In December 2012, HSBC avoided a legal battle by agreeing to pay $1.9 billion to settle a U.S. money laundering probe after facing accusations that it transferred funds through the U.S. from Mexican drug cartels and on behalf of nations such as Iran that are under international sanctions. In the same timeframe, Standard Chartered PLC, another British bank, signed an agreement with New York regulators to settle a money laundering investigation involving Iran with a $340 million payment.
These scandals have concerned both national and international companies in a variety of industries and businesses. To protect your company from these types of scandals, it is important to have a robust and effective anti-money-laundering program.
In addition, as money laundering schemes evolve and become more sophisticated over time, anti-money laundering programs should be periodically reviewed and assessed to ensure that they remain effective.
The following are seven elements of an effective anti-money laundering program that may be useful for companies when they are assessing their programs.
1. Written Policies and Procedures
It is axiomatic that effective anti-money laundering programs must be in writing and contain specific policies and procedures approved by upper management. These policies and procedures should detail the internal controls within the institution which have been established to limit and control risks and to ensure compliance with all applicable anti-money laundering laws and regulations. The sophistication and complexity of the internal controls should be commensurate with the size, structure, risks, and nature of the institution. The policies and procedures should make sure to describe an overall corporate environment that is conducive to managing risks and complying with anti-money laundering requirements.
Specific company-wide operations that may be vulnerable or subject to abuse by potential money launderers should be identified and the anti-money laundering program should be specifically tailored to these risks. The operations identified should include a company's products, services, customers, as well as geographic locations.

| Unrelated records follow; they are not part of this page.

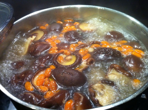 首先把雞肉過水,再用冷水沖洗;接著裝個水連同枸杞、黃耆、蔘片先一起熬煮,等滾了後就能把雞肉、香菇丟入。我家沒有紅棗了,下回要去補貨!
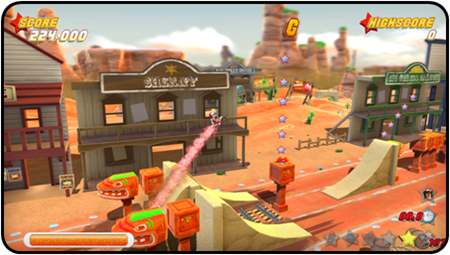 Events in the career mode are bought with gold stars earned throughout. Simple objectives could be getting a gold score, collecting coins or winning a race. There are usually a wealth of extra tasks though too that reward you a star for successful completion. These could include beating a time limit, landing on all targets, collecting all ministars, collecting letters Tony Hawk-style to spell out DANGER, finding hidden objects or maintaining a combo throughout the whole level. Things get more interesting when you have to combine some of these tasks into one for a star, such as landing on all targets inside of a time limit.
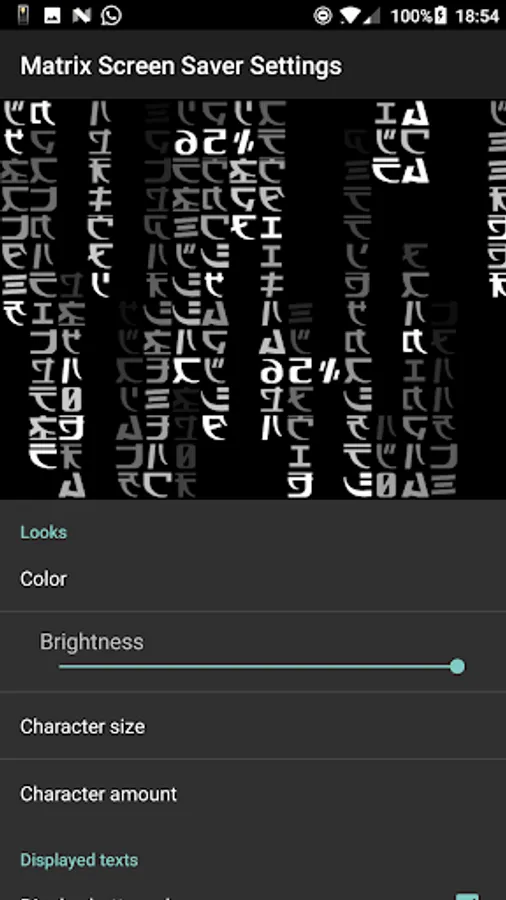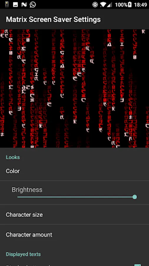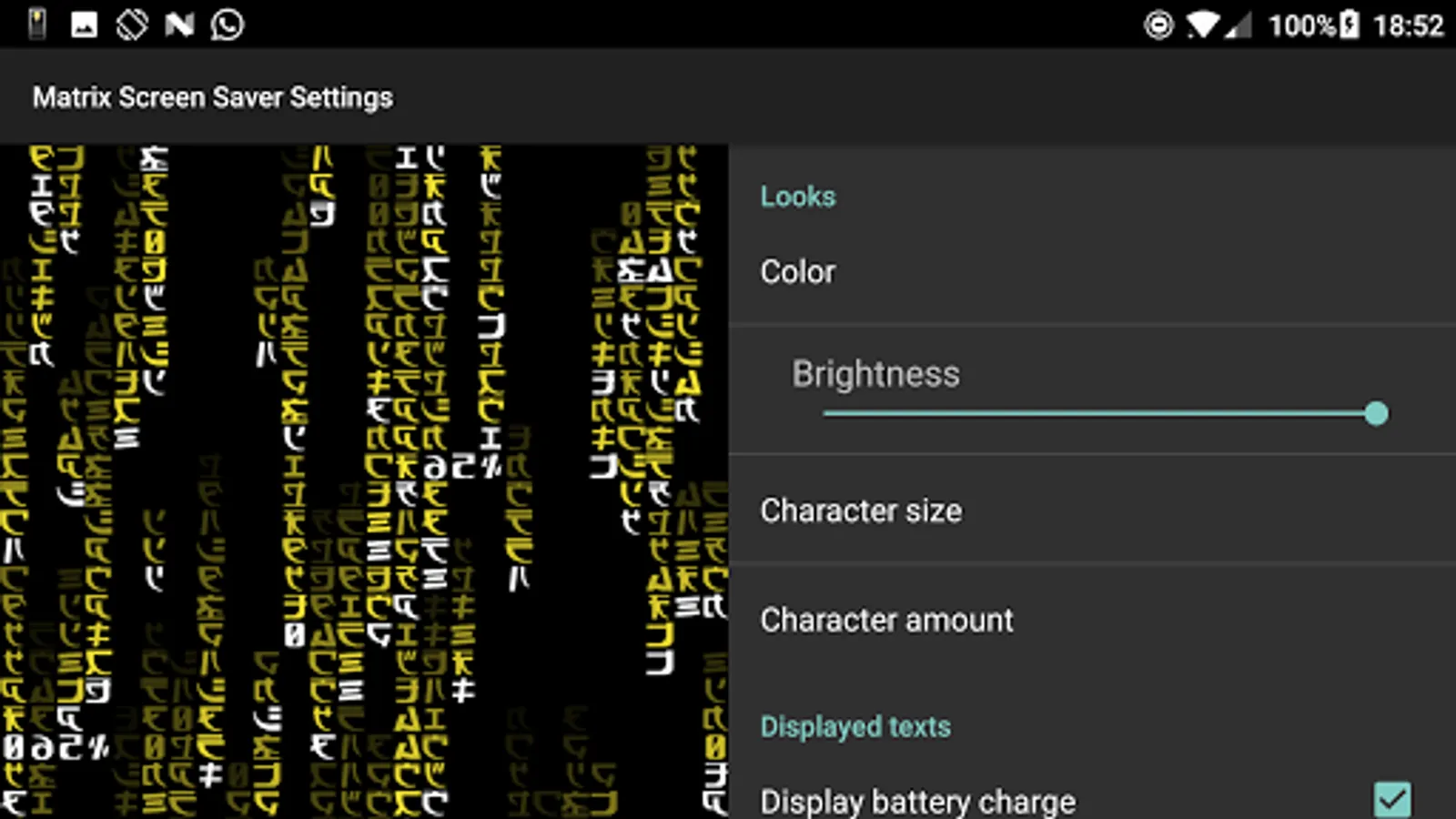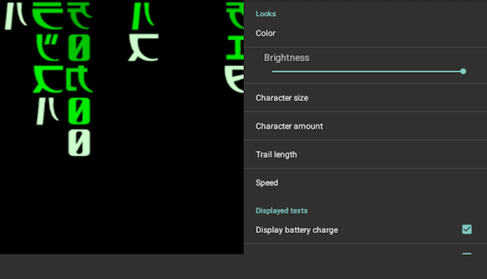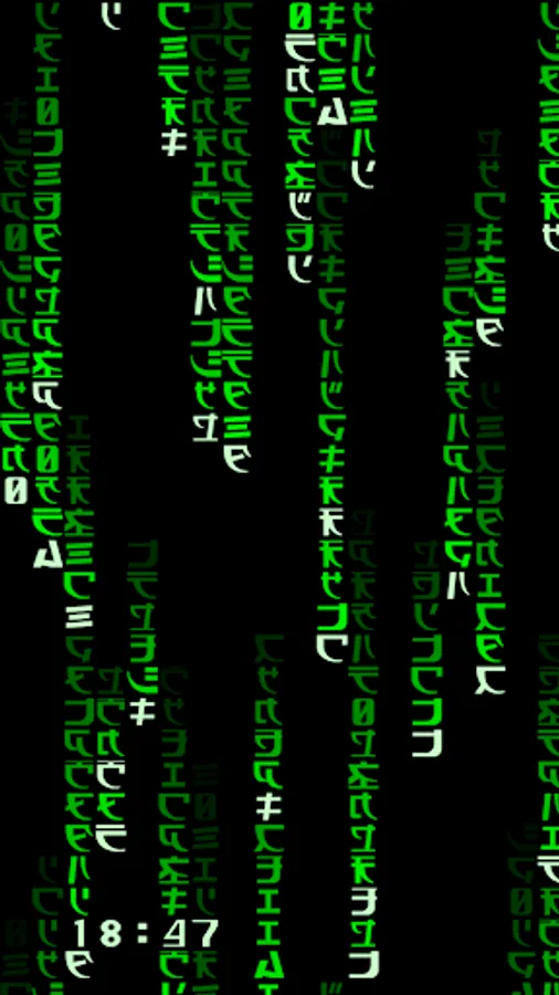 Screen saver for Android of Matrix code from the movies. Battery charge level and clock time will be displayed as the text falls similar to the movie intros.

It is highly recommended that anti-money laundering programs be “risk-based.” This often involves the preparation of a written risk assessment covering each of the operations identified as vulnerable to abuse. The institution can develop the written policies and procedures based upon the risk assessment, and specifically design them to address the degree of risk to which the business is exposed. As the risks increase, stronger controls become necessary.
Finally, screening procedures should be documented with specific steps put in place to screen out individuals whom the company knows, or should know through its exercise of due diligence, have a history of engaging in illegal or improper activity or other misconduct.
2. Regular Training of Company Employees
An anti-money laundering program cannot be very effective if the employees of the company are not familiar with the elements of the program and on board with its procedures. For this reason, ongoing training is critical. All relevant employees should be trained on the illegality of money laundering and the company's anti-money laundering policies and procedures. These “relevant” employees should include any employees whose duties could potentially make them vulnerable to possible money laundering situations.
Training should be tailored to the person's specific responsibilities and should include any current anti-money laundering developments and changes. This may, in some cases, require training more often than merely once a year.
The company should document its training program and keep accurate records of the dates of the training, as well as its content, and records of attendance.
3. Designating an Anti-Money Laundering Compliance Officer
Senior management should appoint someone as compliance officer for anti-money laundering activities. This compliance officer should have sufficient authority within the company to enforce the compliance program, and sufficient resources (including, budgetary, physical and personnel) to administer an effective program. The compliance officer must be a qualified individual who is knowledgeable about methods of money laundering and pertinent anti-money laundering rules and regulations. It is, of course, critical that the compliance officer be an individual of high integrity and reputation within both the company and business community at large.
This person should also have a full knowledge of the business, its products, services, operations, customers and money laundering risk assessment, and be able to regularly advise senior management about ongoing compliance issues.
4. Keeping Records
Diligent record-keeping is integral to the success of an anti-money laundering program. Record-keeping provides assurance that the process of identifying and managing risks is operating in an effective manner.'
Initially, it is important to set up a system for collecting and reporting data, prepare clear and concrete definitions of what constitutes data, determine a method and measures for establishing data collection, and establish data collection and records management roles.
Overall, a company should be able to produce all versions of its anti-money laundering program for at least five years. The company should maintain an annual file for training records which includes the topics covered, method of training, copies of materials used, and evidence of completion for company employees and officials. One should also keep a file showing evidence of testing in the past several years, including, areas tested, results of testing, action taken as a result of any findings, and documentation showing that the findings were communicated to senior management. By maintaining these records in an orderly manner, a company can reduce its regulatory exposure.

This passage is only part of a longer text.